*Problem description:*
Gather all lines with "semés" from the records.

[Excerpted data]

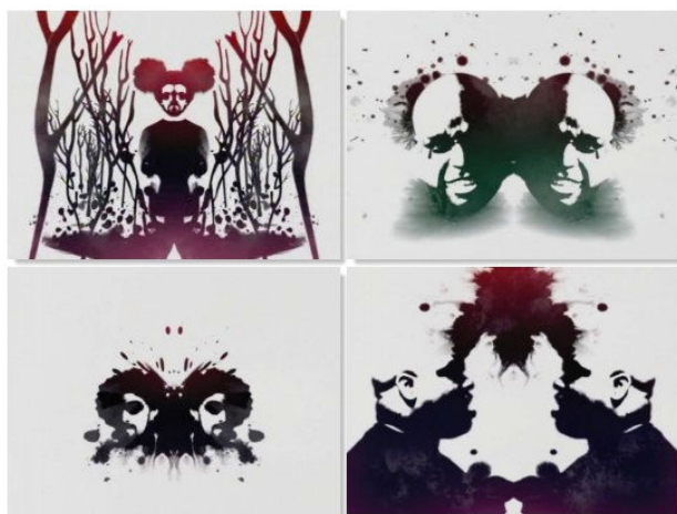
تصویر شماره ۲- قسمتهایی از ویدیوی Crazy
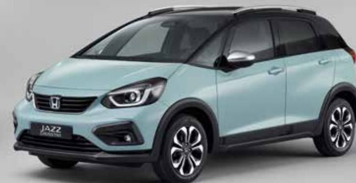
SURF BLUE / TWO-TONE
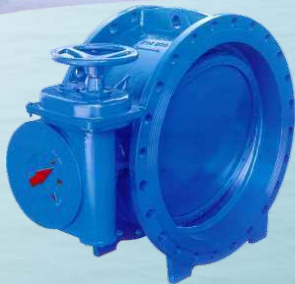
Flansch-Absperrklappen Flanged Butterfly Valves

Types: KD-G, AKF, AKF-M3 DN: 100-2500 (4"-100") PN: 6-40 (class 125-300) Temp: -20° → +400°
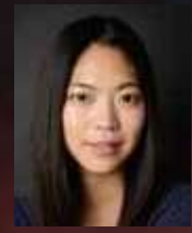
原田 理央 ACTOR / DANCER: YUKI NISHIDA
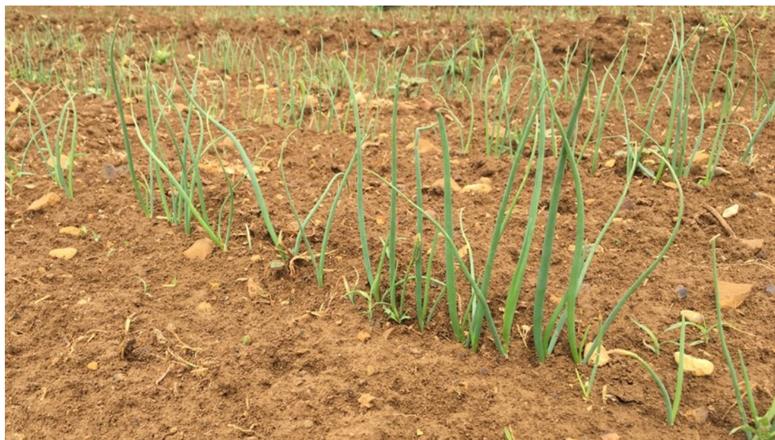
Oignons semés, Fenay, 28/05/2018, photo AL Galimard

Les oignons repiqués vont au stade 4 à 7 feuilles. Les oignons semés sont au stade 2/3 feuilles.

[/Excerpted data]

*Written answer:*
Oignons semés, Fenay, 28/05/2018, photo AL Galimard
Les oignons repiqués vont au stade 4 à 7 feuilles. Les oignons semés sont au stade 2/3 feuilles.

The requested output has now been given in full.